Leurs détracteurs voient dans ces institutions des nids à corruption favorisant le clientélisme.

Pour apaiser les manifestants lors d'un vaste soulèvement contre le pouvoir fin 2019, le Parlement acceptait la dissolution des conseils provinciaux. Mais le gouvernement de l'actuel Premier ministre Mohamed Chia al-Soudani a acté leur rétablissement.

«Projets locaux»

"Les conseils provinciaux sont très importants pour fournir des services publics aux citoyens", estimait récemment Hadi al-Ameri, haut commandant du Hachd qui dirige l'influente organisation Badr.

Député issu de la même majorité, Bahaa al-Nouri souligne à l'AFP le rôle de supervision de ces conseils qui "suivent le travail des gouverneurs, décident des projets locaux, et demandent des comptes aux directeurs des administrations."

Le scrutin sera le premier du genre depuis 2013. Dans le pays de 43 millions d'habitants, les élections concernent 15 des 18 provinces de l'Irak fédéral. Les trois provinces du Kurdistan autonome (nord) ne votent pas.
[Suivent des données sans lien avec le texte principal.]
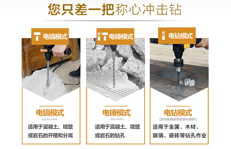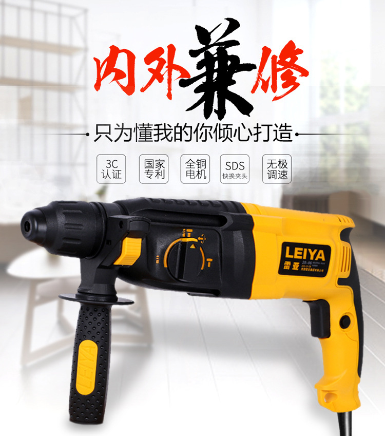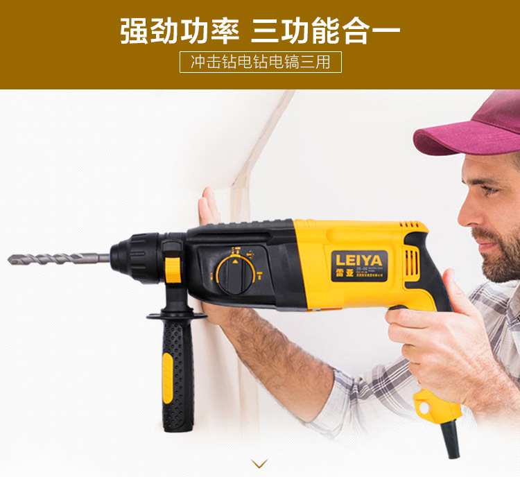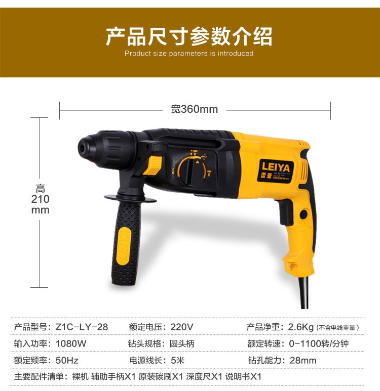 雷亚电动工具1080W多功能冲击钻28-06电钻电锤电镐三用轻型锤钻

Près de 17 millions d'électeurs sont appelés aux urnes dans 7.166 bureaux de vote. Ils devront départager 6.000 candidats se disputant 285 sièges dans les provinces concernées. Si le conseil provincial de Bagdad compte 49 élus, celui de Bassora (sud) en compte 22.

Parmi les candidats, 1.600 femmes --un quota de 25% leur étant réservé. Dans un Irak multiconfessionnel et multiethnique, 10 sièges iront aux minorités --chrétienne, yazidie ou sabéenne.

"On peut s'attendre à ce que les plus grands partis et coalitions conservent la main-haute", estime le politologue Sajad Jiyad, sur le site Internet du think-tank IRIS, de l'Université américaine d'Irak-Souleimaniyeh.

"Sur les quinze conseils provinciaux, les neuf provinces du sud et de Bagdad pourraient fort bien être dominées par les partis du Cadre de coordination ou leurs alliés", pronostique-t-il.

«Voter? A quoi bon»

Dans les provinces sunnites, le parti Taqadom pourrait voir sa performance pâlir, la justice ayant retiré à son chef Mohamed al-Halboussi son poste de président du Parlement.

M. Jiyad n'exclut pas "des tensions ethno-confessionnelles" --citant notamment Kirkouk, province du nord riche en pétrole et son "histoire de tensions entre les communautés arabe, kurde et turkmène".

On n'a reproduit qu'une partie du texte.